For mutable graphs this is complicated to maintain, but when graphs no longer evolve it can bring significant speedups. Anyway, I'm opening the discussion with Graphs.jl 2.0 in mind
Maybe this could also be implemented without breaking changes, by having a function that calculates the edge rank for an edge. So maybe we do not need to wait for v2.0. Multigraphs might need some separate consideration.
Indeed for SimpleGraphs it is reasonably easy to do.
My only fear is that if we add this to the API and start using it elsewhere (for instance in algorithms), we will need a fallback for custom graph types. Unfortunately, the only fallback I can think of is something like
function edge_rank(g, s, d)
for (k, e) in enumerate(edges(g))
if src(e) == s && dst(e) == d
return k
end
end
end
which is unbearably slow.
I think that we should avoid working with edge indices as much as possible. They are not inherent to the graph and should be treated as an implementation detail. Any graph algorithm should produce the same result under permutation of these numbers. I take this property “invariant under permutation of the edge list” as a defining characteristic of a graph algorithm.
Giving users access to this information will lead to code that relies on that ordering, which prohibits a large amount of flexibility in implementation and performance optimization. Lazily defined graphs and distributed graphs get a lot harder if you have this additional constraint.
But sometimes you do need that ordering. For instance, in my current research, I use edge weights that are computed by a neural network. That means they are naturally given as a vector rather than a sparse matrix. The same goes for flow capacity constraints or costs.
I'm not saying every Graphs.jl algorithm should use this functionality, maybe none should. But it would be nice to expose it.

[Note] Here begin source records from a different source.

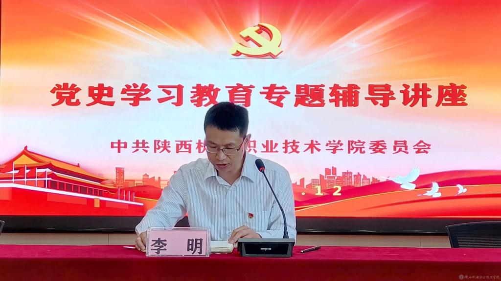 5月12日下午,陕西机电职业技术学院开展党史学习教育专题讲座。特邀宝鸡市委党校杨娟珍副教授为全校党员作题为《来之不易的选择——从社会主义建设史看道路自信》的讲座。党委宣传部部长、党史学习教育领导小组办公室主任李明主持。
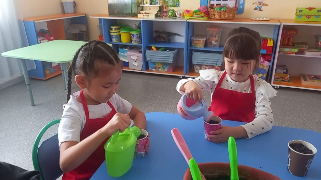 Балалар өсімдікті отырғызу тәсілімен танысты.
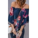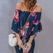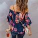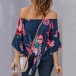 Sexy Floral Printed Off-the-shoulder Elbow Sleeve Self-tie Shirt
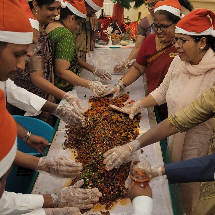 The students organised a cake mixing ceremony as a part of Christmas eve where soaking a delicious array of ingredients in the finest alcohol several weeks before the cakes are baked on 11th Nov 2025
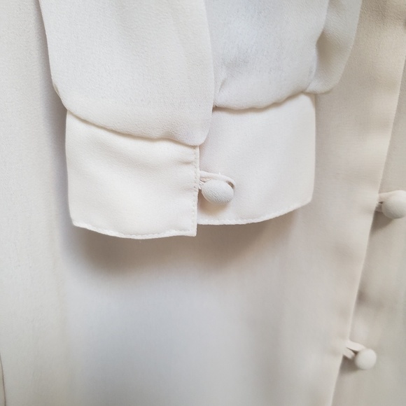 This rare beauty in excellent condition considering its timeless age. One flaw but is un noticeable would be the missing front bottom button, see last slide. Special details, pintucked shoulders, covered buttons. Size 14 but is a petite fit, ideal for a size 10/8 in order to get that loose fit.
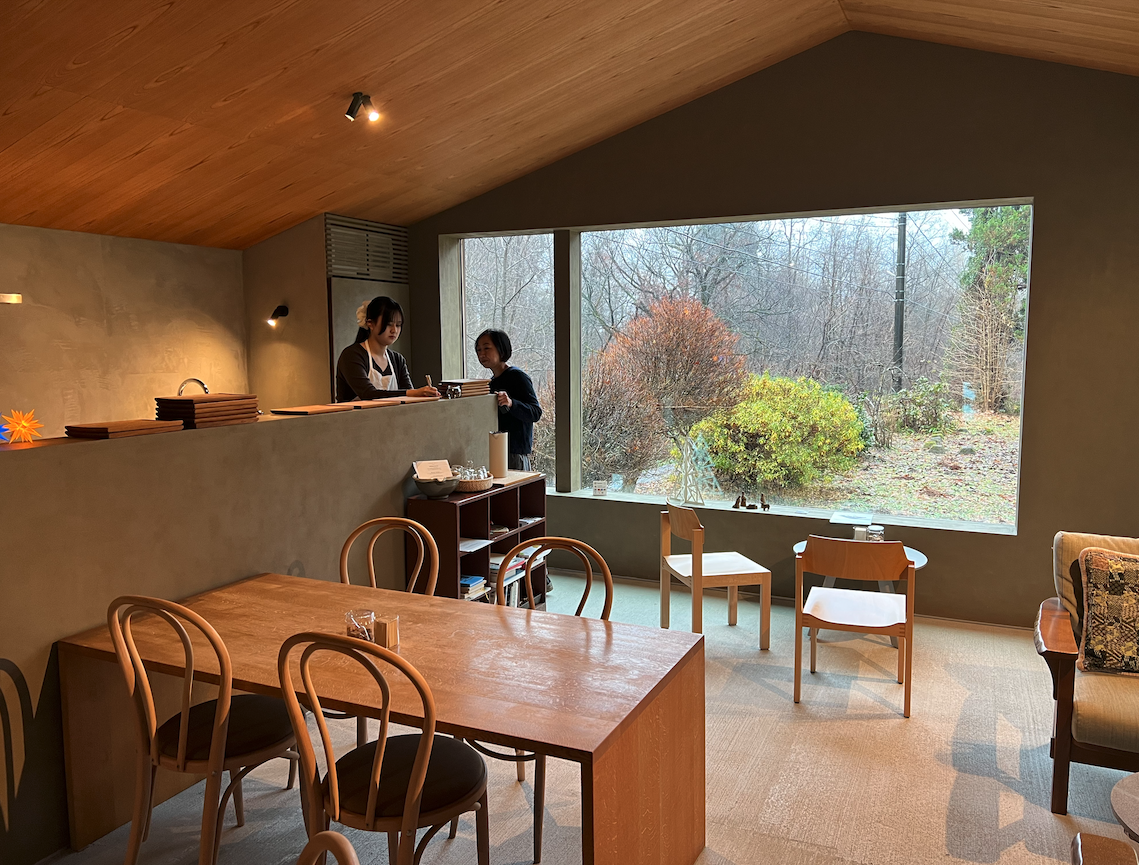 「your wear」の佐藤孔代さんは湘南で創作活動をしていましたが、約10年ほど前に拠点を、故郷の秋田に移しました。手動機や手編みのぬくもりのある丁寧なものづくりに定評があり、セレクトショップなどでも人気のブランドです。昨年、大館市岩瀬に「HASHINOTAMOTO(はしのたもと)」というカフェをオープンしたと伺っていたので尋ねました。お祖母さんが使用していた農作業小屋を利用して、建築家のご主人が設計したもので、本当に素晴らしく、大館市内はもとより、SNSを見て遠くから来てくださる方も多いようです。カフェやニット作品のことはまた改めてブログにします。

I agree with @jpfairbanks, there is not so much use to add it in the API. In most cases, users can just do collect(edges(g)), and build themselves the indices. Moreover, in this proposition of @simonschoelly, isless would give a lexicographical ordering for edges (which is of more general usefulness), and hash would allow to index with edges in a dictionary, which basically do what you propose. Even if its less performant than integer indices, its generally easy to implement, even for lazy graphs.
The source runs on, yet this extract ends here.